- Input records
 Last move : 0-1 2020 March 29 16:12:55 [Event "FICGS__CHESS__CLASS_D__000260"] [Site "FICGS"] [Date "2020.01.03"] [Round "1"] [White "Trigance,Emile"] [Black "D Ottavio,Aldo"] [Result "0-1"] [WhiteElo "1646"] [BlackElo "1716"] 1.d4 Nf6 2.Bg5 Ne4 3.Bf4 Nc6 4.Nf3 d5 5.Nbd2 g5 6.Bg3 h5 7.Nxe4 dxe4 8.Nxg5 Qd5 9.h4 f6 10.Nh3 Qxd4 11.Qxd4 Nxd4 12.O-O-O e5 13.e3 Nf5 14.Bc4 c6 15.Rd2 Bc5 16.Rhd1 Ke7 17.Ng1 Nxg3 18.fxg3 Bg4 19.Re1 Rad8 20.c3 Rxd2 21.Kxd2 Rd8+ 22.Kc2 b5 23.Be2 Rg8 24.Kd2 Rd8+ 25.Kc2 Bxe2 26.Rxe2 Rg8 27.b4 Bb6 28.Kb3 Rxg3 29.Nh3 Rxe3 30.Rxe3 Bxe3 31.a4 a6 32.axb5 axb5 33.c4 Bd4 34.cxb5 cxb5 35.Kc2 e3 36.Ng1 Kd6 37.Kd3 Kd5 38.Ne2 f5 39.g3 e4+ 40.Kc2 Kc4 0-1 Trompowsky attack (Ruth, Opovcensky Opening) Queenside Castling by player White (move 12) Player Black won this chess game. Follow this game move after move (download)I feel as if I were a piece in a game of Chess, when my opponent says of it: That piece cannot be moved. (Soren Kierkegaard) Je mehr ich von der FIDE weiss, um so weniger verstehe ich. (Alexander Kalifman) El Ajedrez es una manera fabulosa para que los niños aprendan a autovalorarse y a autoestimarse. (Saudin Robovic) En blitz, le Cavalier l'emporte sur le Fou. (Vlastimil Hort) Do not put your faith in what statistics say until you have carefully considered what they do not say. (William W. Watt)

...

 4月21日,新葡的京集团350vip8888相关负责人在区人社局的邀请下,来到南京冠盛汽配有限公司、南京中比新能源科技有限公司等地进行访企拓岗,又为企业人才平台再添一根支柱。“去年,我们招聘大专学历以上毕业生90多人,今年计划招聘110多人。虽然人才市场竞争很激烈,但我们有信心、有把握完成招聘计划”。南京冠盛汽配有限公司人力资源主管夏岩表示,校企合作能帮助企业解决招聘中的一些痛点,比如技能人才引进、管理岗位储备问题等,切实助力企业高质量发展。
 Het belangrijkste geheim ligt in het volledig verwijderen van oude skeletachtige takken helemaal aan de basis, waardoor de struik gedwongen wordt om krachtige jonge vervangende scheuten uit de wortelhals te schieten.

- What is needed
Using the entries above, return exactly the lines from the line with "4月21日,新葡的京集团35" to the line with "Het belangrijkste geheim", counting both of those lines.

- Response for this exercise
 4月21日,新葡的京集团350vip8888相关负责人在区人社局的邀请下,来到南京冠盛汽配有限公司、南京中比新能源科技有限公司等地进行访企拓岗,又为企业人才平台再添一根支柱。“去年,我们招聘大专学历以上毕业生90多人,今年计划招聘110多人。虽然人才市场竞争很激烈,但我们有信心、有把握完成招聘计划”。南京冠盛汽配有限公司人力资源主管夏岩表示,校企合作能帮助企业解决招聘中的一些痛点,比如技能人才引进、管理岗位储备问题等,切实助力企业高质量发展。
 Het belangrijkste geheim ligt in het volledig verwijderen van oude skeletachtige takken helemaal aan de basis, waardoor de struik gedwongen wordt om krachtige jonge vervangende scheuten uit de wortelhals te schieten.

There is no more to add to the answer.